従って、帯電ローラの帯電面と感光体の表面との間の帯電ギャップが小さくなりすぎることを防止するために、帯電ローラ及び感光体の機械的な寸法の精度、特にそれぞれの回転軸の方向における回転軸の直線性を向上させることが考えられる。また、接触式帯電ローラと同程度の低い電圧で感光体の表面を十分に帯電するために、帯電ローラの帯電面と感光体の表面との間の帯電ギャップを、例えば50μm程度まで小さくする必要がある。しかしながら、小さい帯電ギャップの大きさを維持するために帯電ローラ及び感光体の機械的な寸法の精度を維持することは容易ではない。

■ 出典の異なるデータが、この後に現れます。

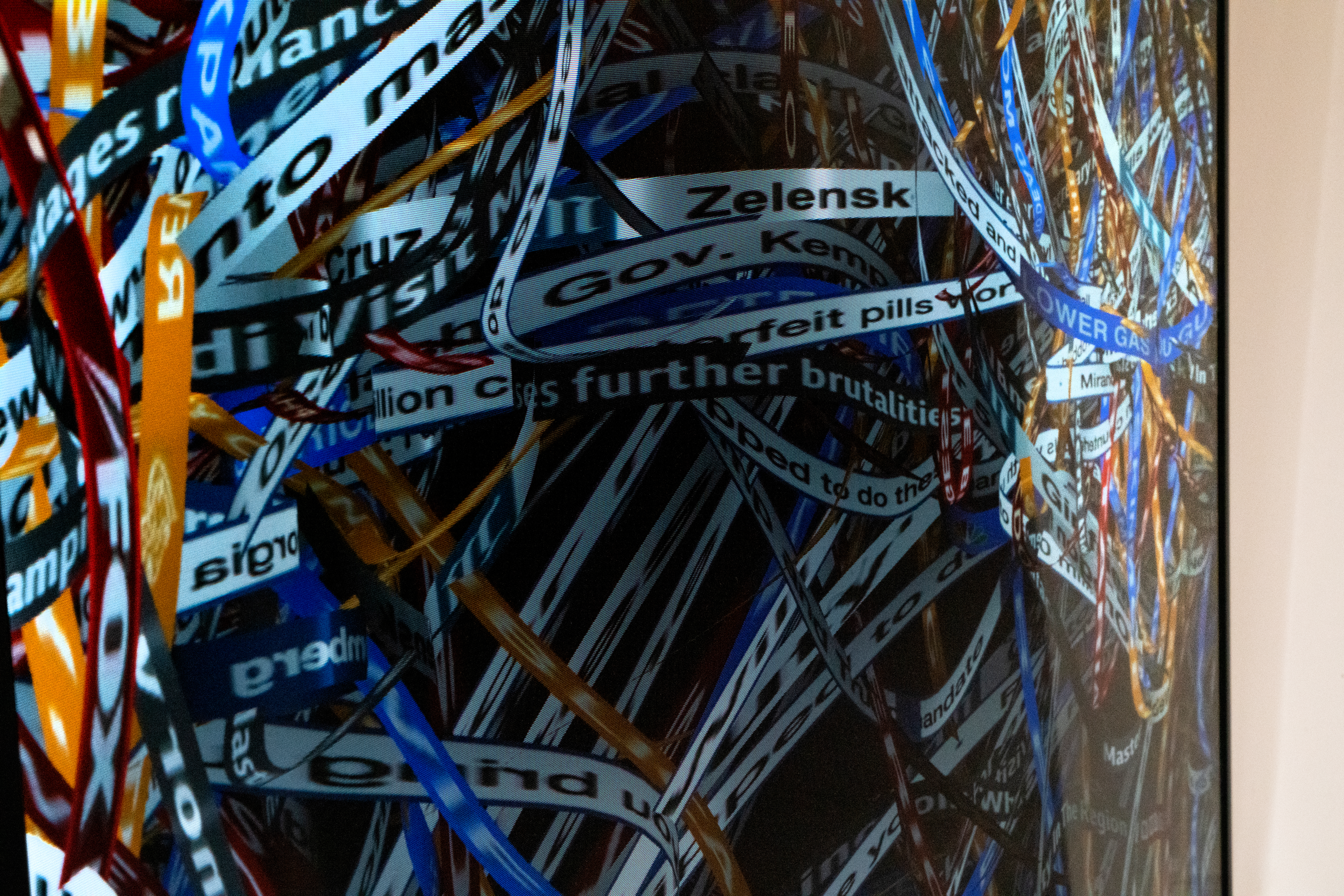 “Chyron” overlays international news chyrons, creating a chaotic fabric representing the ecosystem of conflicting information. Daniel Canogar’s series “Surge” explores how the world of data negotiates its relation- ship with the physical world. The project emerges from the artist’s preoccupation with the intangible – and invisible - nature of one of the main driving forces of our economy and society: the data-sphere. This “crisis of visibility” makes it very difficult for most of the population to comprehend how big data is impacting their lives. To materialize the world of data is an attempt to help us cognitively incorporate this new reality.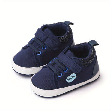 Spring and Autumn Newborn Baby Shoes 0-3 Months Boys Canvas High-Top Soft Sole Design Indoor Walking Shoes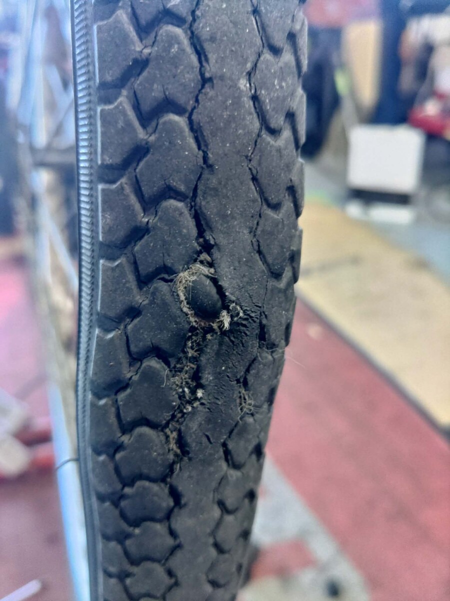 以前メンテナンスをさせていただいたお客様から前輪のタイヤ交換のご依頼をいただきました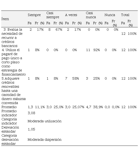Con relación a la tabla 5 donde se observan los resultados del crédito bancario, en el ítem 3 se muestra que un 67% de los encuestados afirmaron casi siempre evalúan la necesidad de recurrir a créditos bancarios. En cuanto al ítem 4, un 92% contestó casi nunca utilizan el pagaré de pago, mientras para el ítem 5 el 58% expresó que a veces adquiere créditos renovables hasta cierta cantidad de dinero máxima convenida. Se evidencia un promedio de 3,08 ubicándose en una categoría de moderada utilización y una desviación estándar de 1,05 representando una moderada dispersión de los datos.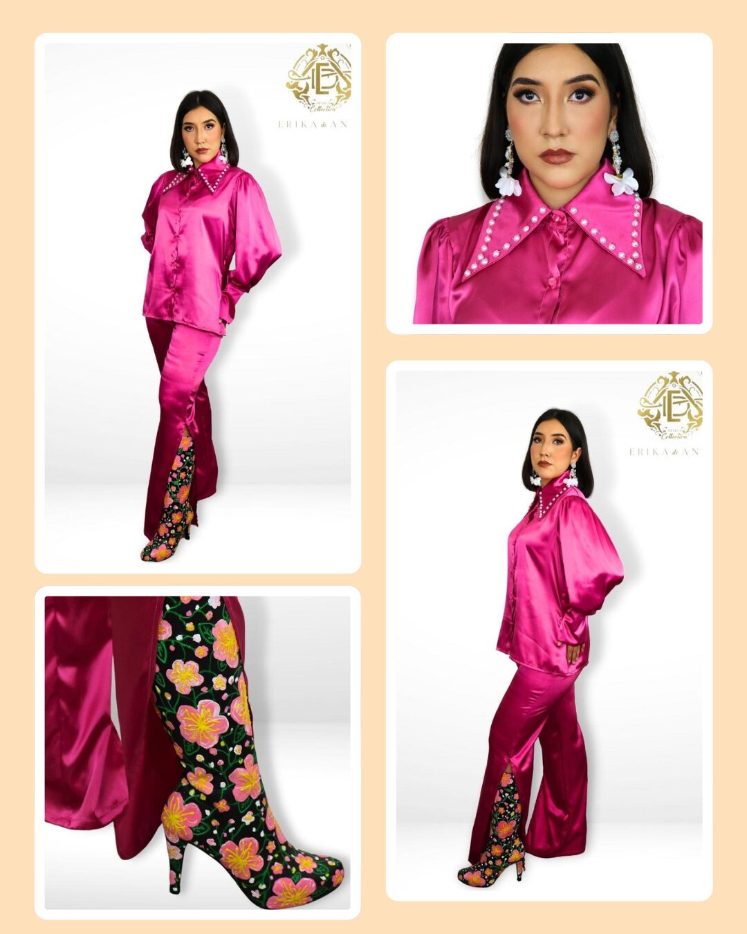 CONJUNTO PANTALON Y CAMISA MANGA LARGA COLOR ROSA MEXICANO

実際、帯電ローラの回転軸に沿った方向における帯電ローラの機械的な寸法の誤差を補正せずに、温度及び湿度の変動に対して帯電ギャップの大きさを一定に維持する方法として、帯電ローラの両端部にスプリングを取り付け、スプリングの付勢力を調整する方法が開示されている(例えば、特許文献4参照)が、帯電ローラの回転軸の直線性に誤差がある場合や帯電ローラの形状が樽型である場合には、帯電ギャップの大きさを一定に維持することはできない。
そこで、画像ムラを防止する目的で、帯電ローラによる感光体の表面における帯電ムラを防止するために、帯電ローラの回転軸に沿った方向における帯電ローラの機械的な寸法の誤差を補正せずに、一定に制御されたDCバイアス電圧に重畳する一定に制御されたACバイアス電圧を帯電ローラに印加する方法がある(例えば、特許文献5及び6参照)。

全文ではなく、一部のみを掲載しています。